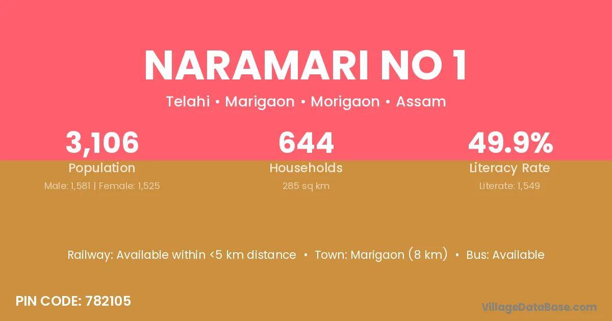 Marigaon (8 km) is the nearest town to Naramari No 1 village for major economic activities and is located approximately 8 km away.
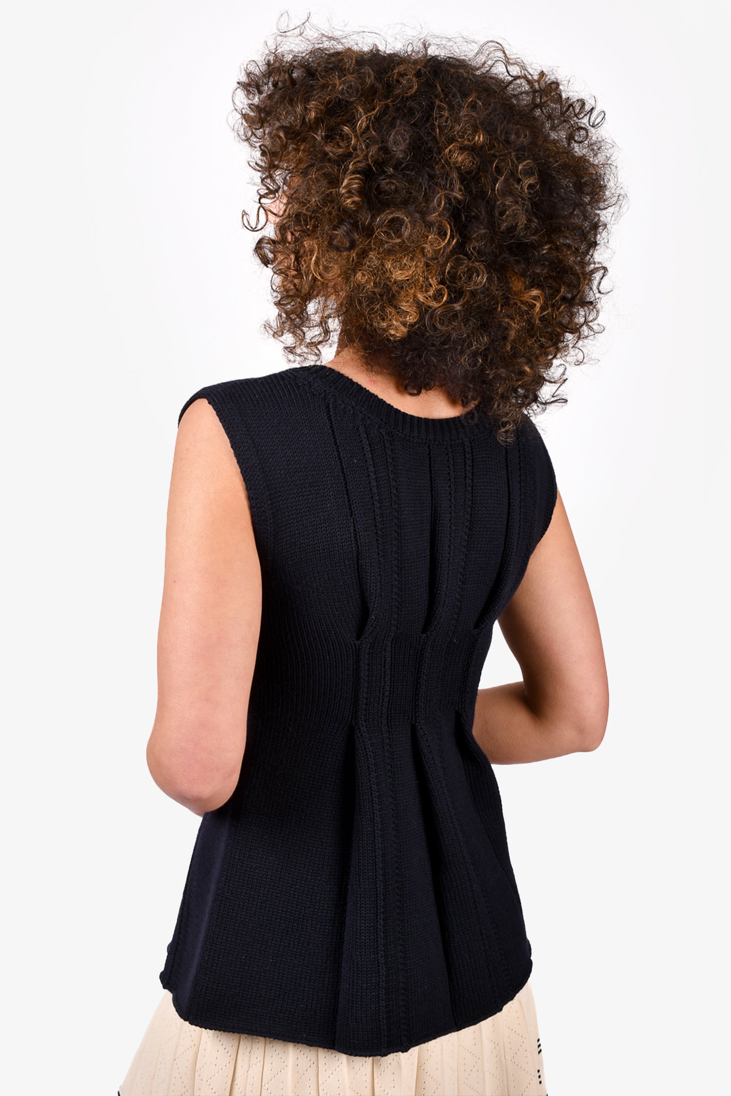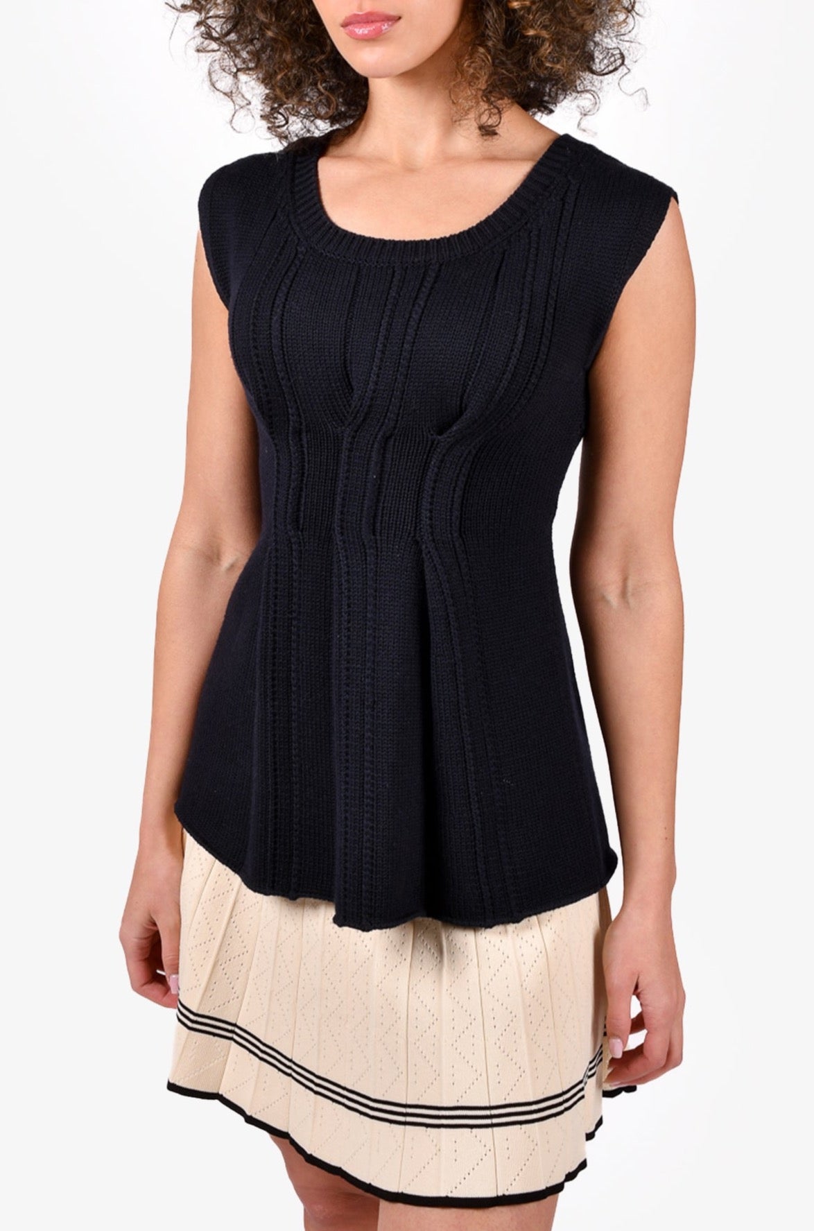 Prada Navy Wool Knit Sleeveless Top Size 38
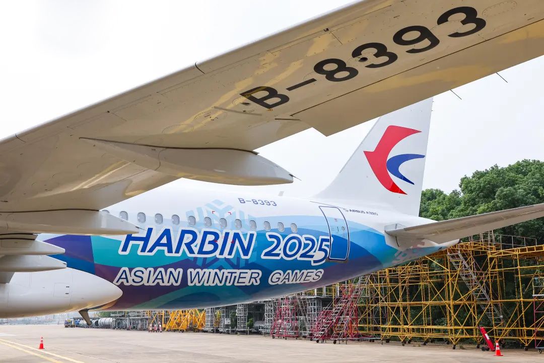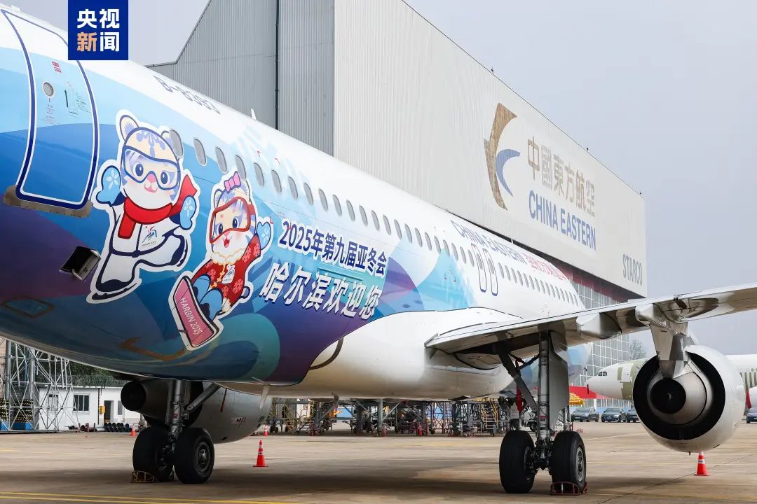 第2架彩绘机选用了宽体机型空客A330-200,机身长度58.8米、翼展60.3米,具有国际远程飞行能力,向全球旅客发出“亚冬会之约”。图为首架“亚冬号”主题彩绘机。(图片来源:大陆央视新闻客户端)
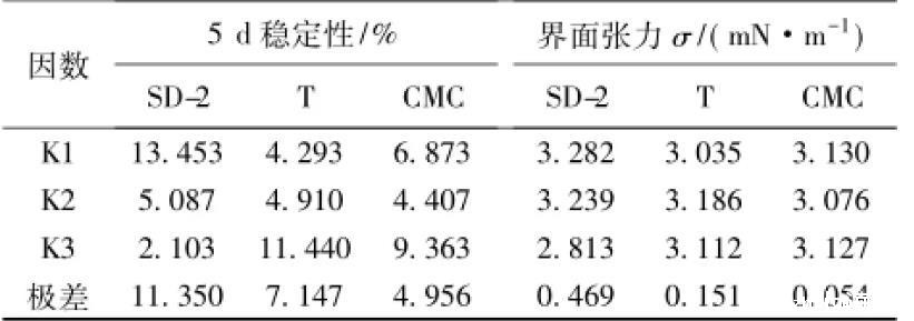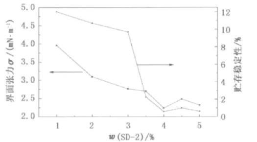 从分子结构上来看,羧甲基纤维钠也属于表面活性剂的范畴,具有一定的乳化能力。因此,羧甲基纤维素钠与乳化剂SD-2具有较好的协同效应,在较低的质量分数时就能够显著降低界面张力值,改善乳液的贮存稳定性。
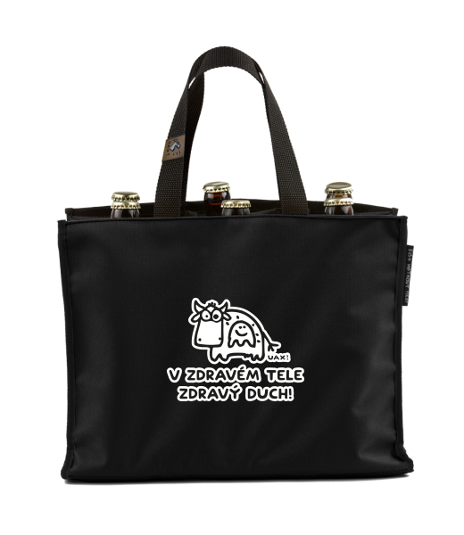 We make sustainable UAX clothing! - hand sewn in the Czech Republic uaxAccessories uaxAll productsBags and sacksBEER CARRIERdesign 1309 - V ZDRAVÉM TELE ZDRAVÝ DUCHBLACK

━━━━

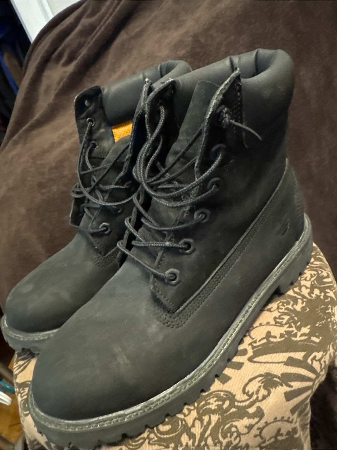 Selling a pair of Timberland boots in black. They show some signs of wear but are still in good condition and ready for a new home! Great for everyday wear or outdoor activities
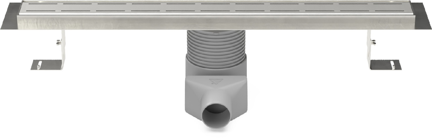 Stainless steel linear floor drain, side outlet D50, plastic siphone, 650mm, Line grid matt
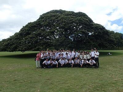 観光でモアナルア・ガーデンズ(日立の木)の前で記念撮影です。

━━━━

Nothing but the lines from the one with "Stainless steel linear" to the one with "観光でモアナルア・ガーデンズ(日立の木)の前で記念撮影です。" above, both included, should be transcribed, exactly and without pictures.

 Stainless steel linear floor drain, side outlet D50, plastic siphone, 650mm, Line grid matt
 観光でモアナルア・ガーデンズ(日立の木)の前で記念撮影です。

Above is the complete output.